PROBLEM TO WORK ON => Taking the data below, please print only the lines from the line holding "8的乘法口诀中,每相邻两句口" to the line holding "Install shut-off control", inclusive, with pictures omitted.

----- DATA EXCERPT -----

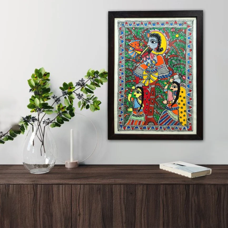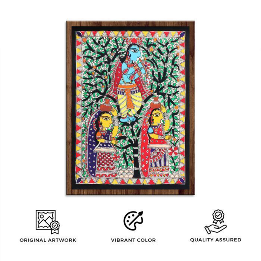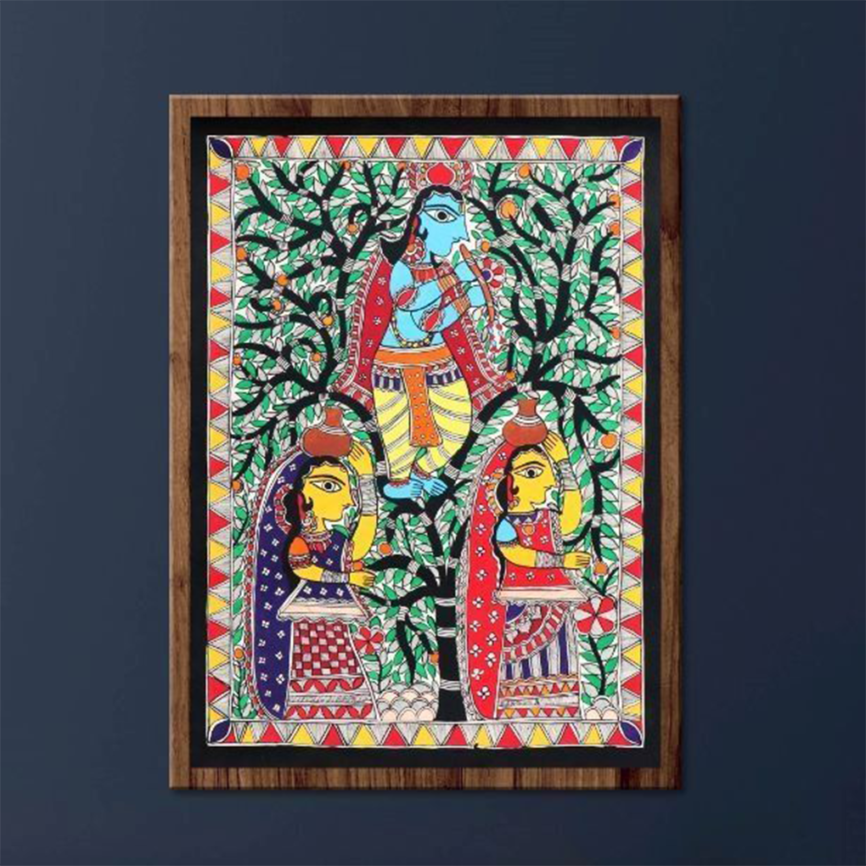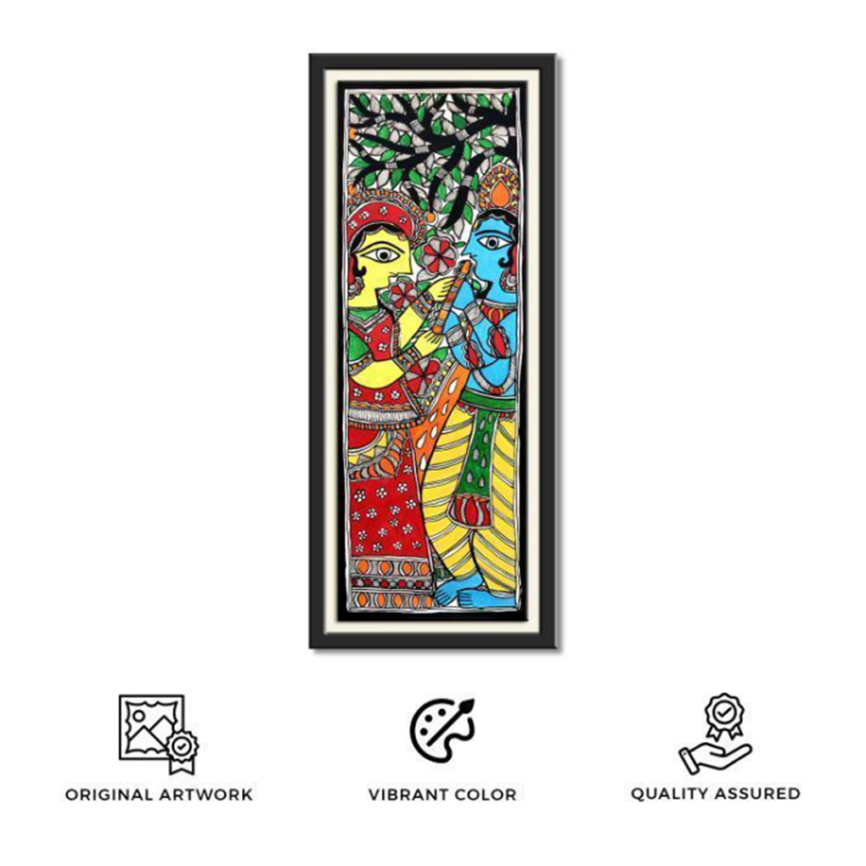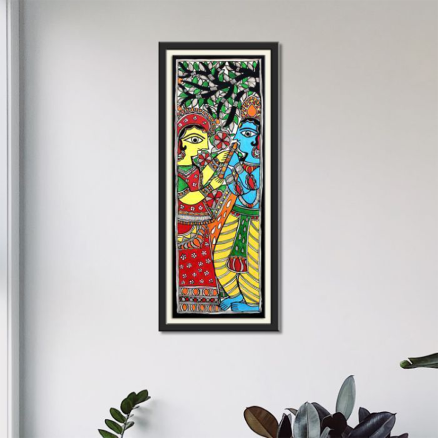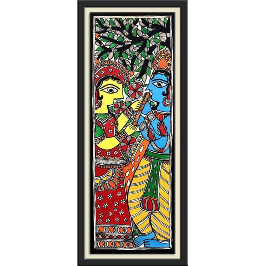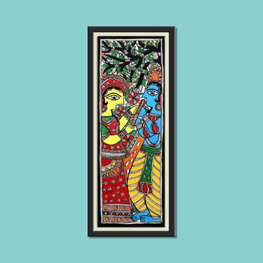 Madhubani Radha Krishna Painting Under the Tree
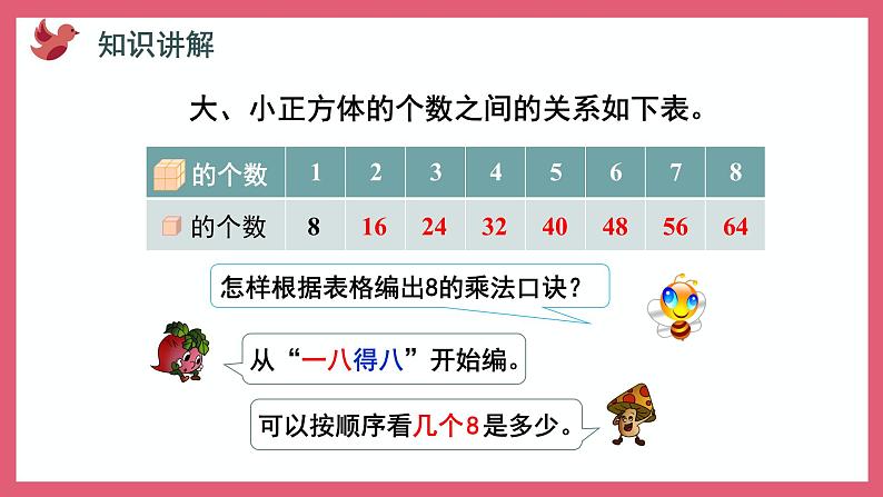 8的乘法口诀中,每相邻两句口诀的积都相差8,除最后一句口诀,每个口诀都对应两道乘法算式。
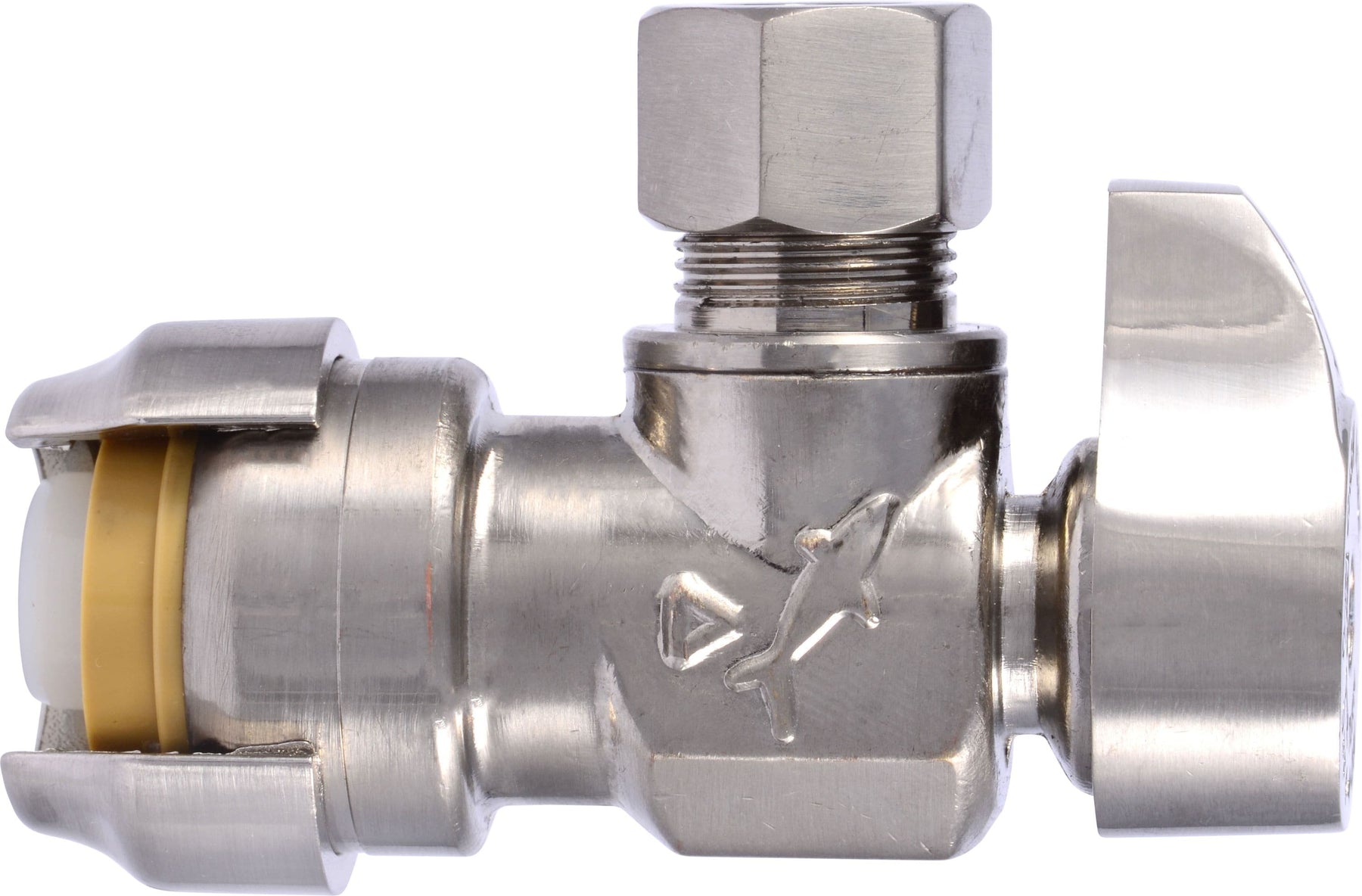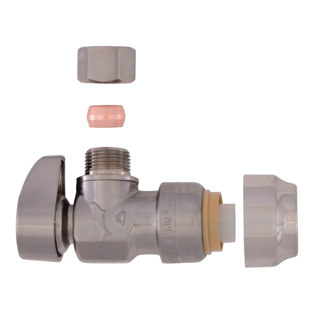 Install shut-off control fast with this SharkBite quarter-turn angle stop valve. The push-to-connect 1/2-in inlet links directly to PEX, copper, CPVC or PE-RT, while the 3/8-in OD compression outlet connects to faucet or toilet supplies. Corrosion-resistant DZR brass with a brushed nickel finish and a chrome-plated body delivers durability and clean style.
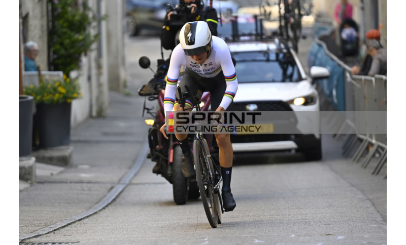 Vittoria in maglia iridata, bissando non solo il successo ai Mondiali di Kigali ma pure quello continentale dello scorso anno: in entrambe le annate da Juniores, l'olandese Michiel Mouris vince gli Europei di categoria a cronometro! Il talento del vivaio Red Bull completa i 24 km da Loriol-sur-Drôme a Étoile-sur-Rhône (con ultimo chilometro al 5,2%) in 30'49'' precedendo sul podio l'irlandese Conor Murphy e il danese Julius Birkedal.

-----

PROBLEM SOLUTION =>
 8的乘法口诀中,每相邻两句口诀的积都相差8,除最后一句口诀,每个口诀都对应两道乘法算式。
 Install shut-off control fast with this SharkBite quarter-turn angle stop valve. The push-to-connect 1/2-in inlet links directly to PEX, copper, CPVC or PE-RT, while the 3/8-in OD compression outlet connects to faucet or toilet supplies. Corrosion-resistant DZR brass with a brushed nickel finish and a chrome-plated body delivers durability and clean style.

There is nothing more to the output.